Putin sets course for new US arms race with 'invincible' weapons
President Vladimir Putin on Thursday launched what appeared to be the start of a new arms race with Washington, as he boasted of a new generation of 'invincible' Russian weapons developed in response to the threat posed by the US.
Putin praised Russia's new hypersonic missiles and cutting-edge submarines during a state of the nation address that also touched on economic and social policy ahead of a presidential election this month he is widely expected to win.
The president usually delivers the annual speech in the Kremlin but this year spoke from a nearby exhibition centre -- allowing him to show a series of slick video montages of missiles manoeuvring across mountains and oceans, and heading over the Atlantic.
Putin quoted a speech he gave back in 2004, vowing that Russia would develop a new generation of weaponry, a promise that he said has now been fulfilled.
'No one really wanted to talk to us basically. No one listened to us then. Listen to us now,' Putin said, prompting a standing ovation from the audience of top officials, lawmakers and celebrities.
He presented Russia's military efforts as a response to recent actions by the United States, which last month unveiled plans to revamp its nuclear arsenal and develop new low-yield atomic weapons.
The moves come as relations between the global powers plummeted to levels not seen since the Cold War over crises in Ukraine and Syria, and accusations that Moscow interfered in the US election in 2016.
In a speech that ran to almost two hours, Putin showed tests of a new missile system that he said could fly at 20 times the speed of sound and manoeuvre up and down, and is not owned by any other country.
'This makes it absolutely invincible for any forms of air and missile defence,' he boasted, calling it an 'ideal weapon'.
Russia has also developed unmanned underwater devices that move much faster than submarines and torpedoes and can carry nuclear warheads, Putin said, adding: 'It's just fantastic!'
Defence Minister Sergei Shoigu later said Russian arms would be able to 'overcome all existing anti-missile systems' such as those the US intends to deploy in eastern Europe and South Korea.
'This anti-missile umbrella turns out to be a bit leaky,' he said in comments released by the ministry.
Putin, who has led Russia for almost two decades and is seeking a historic fourth Kremlin term that would extend his rule to 2024, also laid out a number of social, economic and environmental measures in the speech.
In the absence of any programme and with Putin having refused to take part in TV debates with other candidates, the address suggested cutting poverty and improving the environment would be among the top goals of his expected new six-year term.

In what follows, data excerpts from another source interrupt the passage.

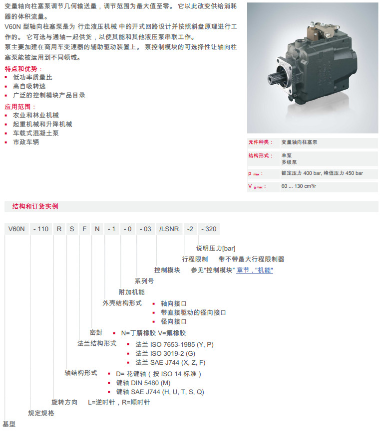 詳細信息 V60N-060LSFN-1,V60N-090LSFN-1,V60N-110LSFN-1,V60N-130LSFN-1,變量軸向柱塞泵
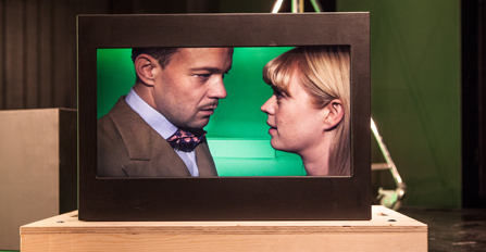 Publiken möts av ett grönt scenrum, en upplyst salong och, centralt ovanför scenens framkant, en filmduk. På duken ser vi inledningsvis rörliga bilder från sminklogen. Här etableras redan från början att det är dags att leka med metateaterperspektiven så att det bara visslar om det.
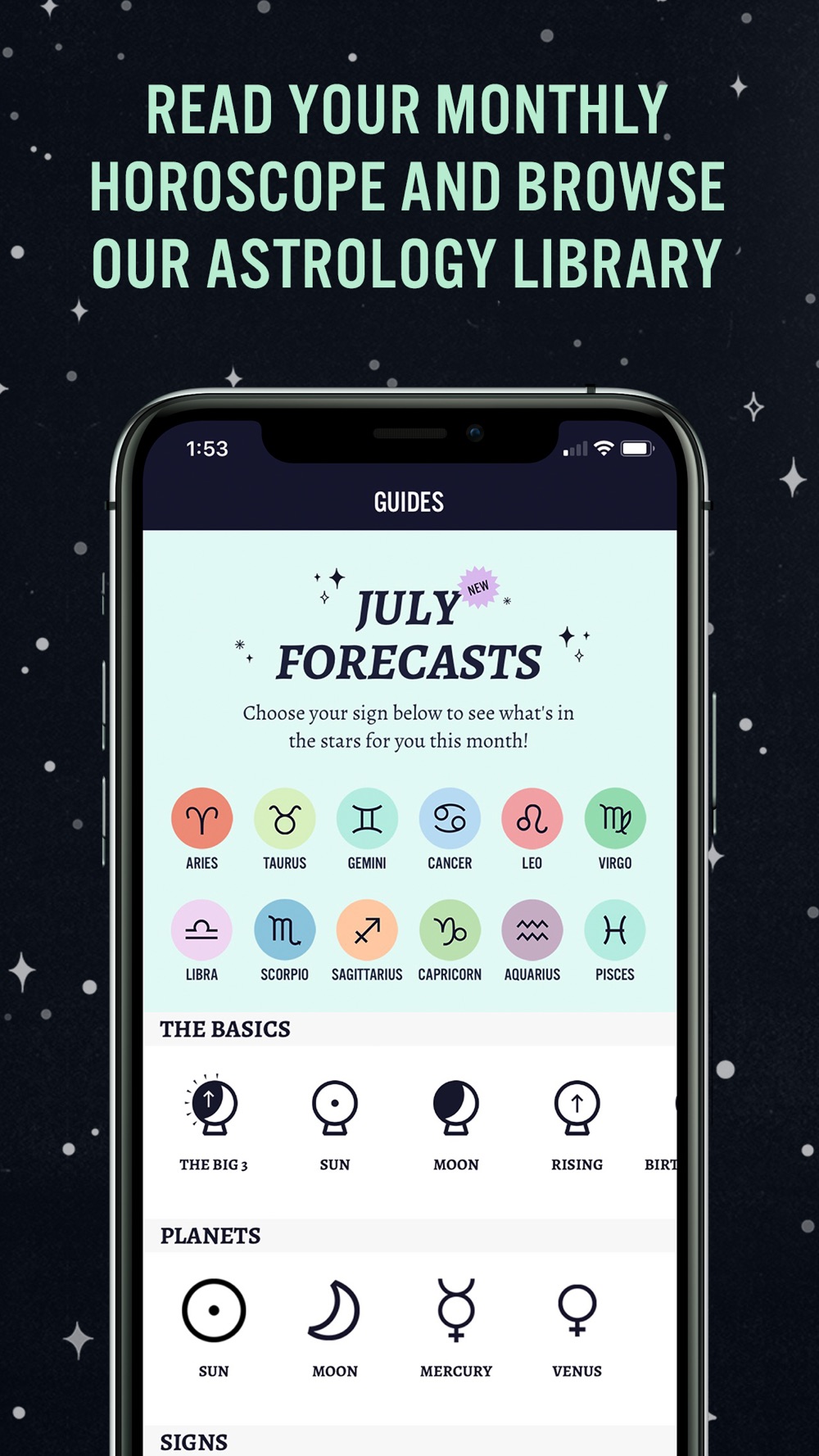 “...the only astrology app that provides the option of engaging in a live consultation with an actual astrologer (not an algorithm or a bot) any time, night or day, every single day of the year” — New York Magazine
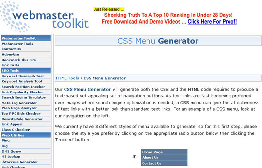 CSS Menu Generator by Webmaster Toolkit
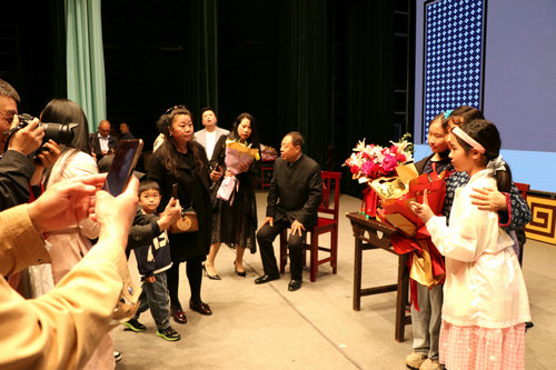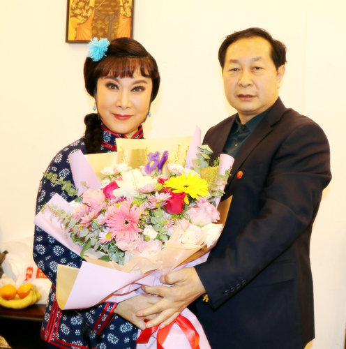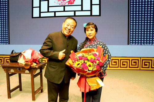 评剧老戏迷孙佑刚向张秀云赠送鲜花
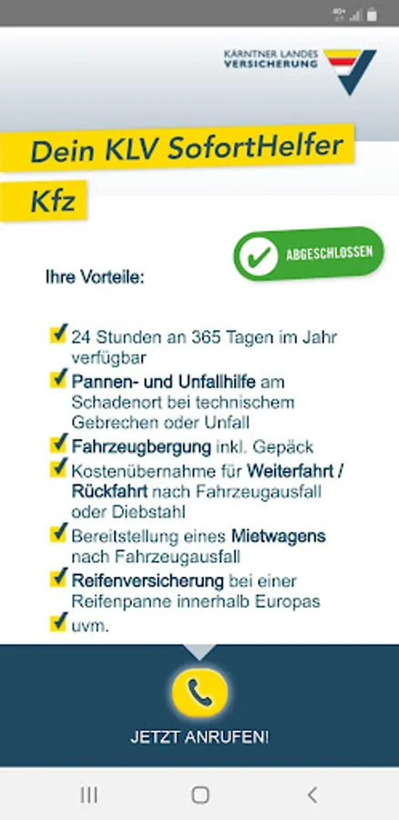 There are of course no costs for downloading and using the app. However, the prerequisite for the unrestricted use of all features is the conclusion of KLV SofortHelfers from the Kärntner Landesversicherung.

The 65-year-old said he aimed to cut the country's "unacceptable" poverty rate in half over the next six years, but said 22 million fewer Russians were now living below the poverty line than when he was first elected president in 2000.
He also promised further regulations for businesses in order to reduce industrial emissions, as he spoke of millions of people forced to drink water "that does not meet standards" and "black snow" in the Siberian city of Krasnoyarsk.
'People in industrial hubs can go for weeks without seeing the sun because of smog,' he said.
Putin, who coughed throughout the speech and was forced to pause to drink from a cup, was given an ecstatic reception in the hall during the televised address but some online comments were less complementary.
'The old man only perked up when he was talking about how he can destroy the world. A moment of truth!' said political analyst and former Kremlin advisor Gleb Pavlovsky on social media.
Despite campaign promises when Putin returned to the Kremlin in 2012 after four years as prime minister, his last term was marked by a fall in living standards and Russia's international isolation.
Boosted by a slavish domestic media and foreign interventions, including the annexation of Crimea from Ukraine in 2014, his approval rating remains sky-high and official polls suggest he is likely to take almost 70 percent of the vote.